All other plants in this company signed the ECO, signifying agreement with the change. I did not sign the ECO and indicated the following reasons:

  1. There was no attached documentation indicating that the caster from the new vendor was of good quality as the existing caster.

  2. There was no documentation indicating that a discussion had occurred with the existing vendor to which a competitor had provided a lower quote, and the existing vendor had been given an opportunity to meet or exceed it.

  3. The company I worked had been conducting business with the current vendor for many years with no quality or delivery concerns.

  4. My opinion was as much manufacturing as needed to be retained in the United States as possible.

The PA was not happy with the response, but appreciated the honesty. Several weeks later, I received a call from a fellow engineer from a sister plant in another state asking if the plant at which I worked had any casters from the original vendor. I responded that the plant did but when asked why, the engineer stated that the first shipment from the alternate vendor passed inspection and performed as expected but when the cartons from the second shipment were opened, all that could be seen were plastic components. The casters had apparently broken apart in shipment. I checked with the material planner in his plant to determine how much, if any, could be shipped to help a sister plant. The material planner called the fellow engineer and told him that the plant would ship as many as possible without jeopardizing that plant’s shipments. The plant at which I worked placed an order with the original vendor for as many casters as possible and deliver these at the earliest.

Saving a penny per caster seems negligible, but one must be aware that there are five casters per chair. The company produced over 6,000 chairs per day in their different chair plants, so a change was justifiable if proper conditions were met. However, this mistake resulted in the inability to ship chairs for many weeks resulting in many dollars lost and prestige which cannot be measured in dollars. I would not want to explain to a customer that his chair could not be shipped due to the desire to save a penny a caster. The only plant that did continue to produce and ship chairs without interruption was the one that did not change casters. The motivations of the plant to not approve the change were that the freight costs from the new vendor and the cost to carry the needed inventory to cover the additional travel time would exceed the penny difference in the cost of the casters.

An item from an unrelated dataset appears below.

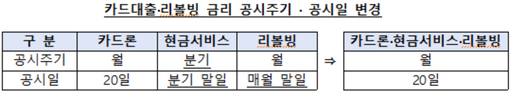 아울러 현금서비스·리볼빙의 금리 공시일을 '매월말'→'20일'로 변경한다.

This costly mistake could have been avoided. The PA did not include all costs of the caster and for some reason failed to use critical thinking to determine all potential possibilities that could result from this decision. Additional costs that should have been included were freight from the new vendor as well as the cost of the additional inventory that would be needed to ensure that there were no stock-outs. Once the company was unable to ship the product, lost revenue must also be added to the costs. Additionally, the company for which I worked had been purchasing from the vendor for many years without quality or delivery issues. One must treat vendors as one treats employees—with respect, honesty, and dignity.

These mistakes resulted from the failure to understand the importance and significance of human factors in the workplace. One such human factor is lack of self-assertiveness. Another contributing human factor could have been lack of team work. I encourage readers to investigate this topic further by reading the information under Human Factors in the Appendix section of this book and carrying out further research and coursework.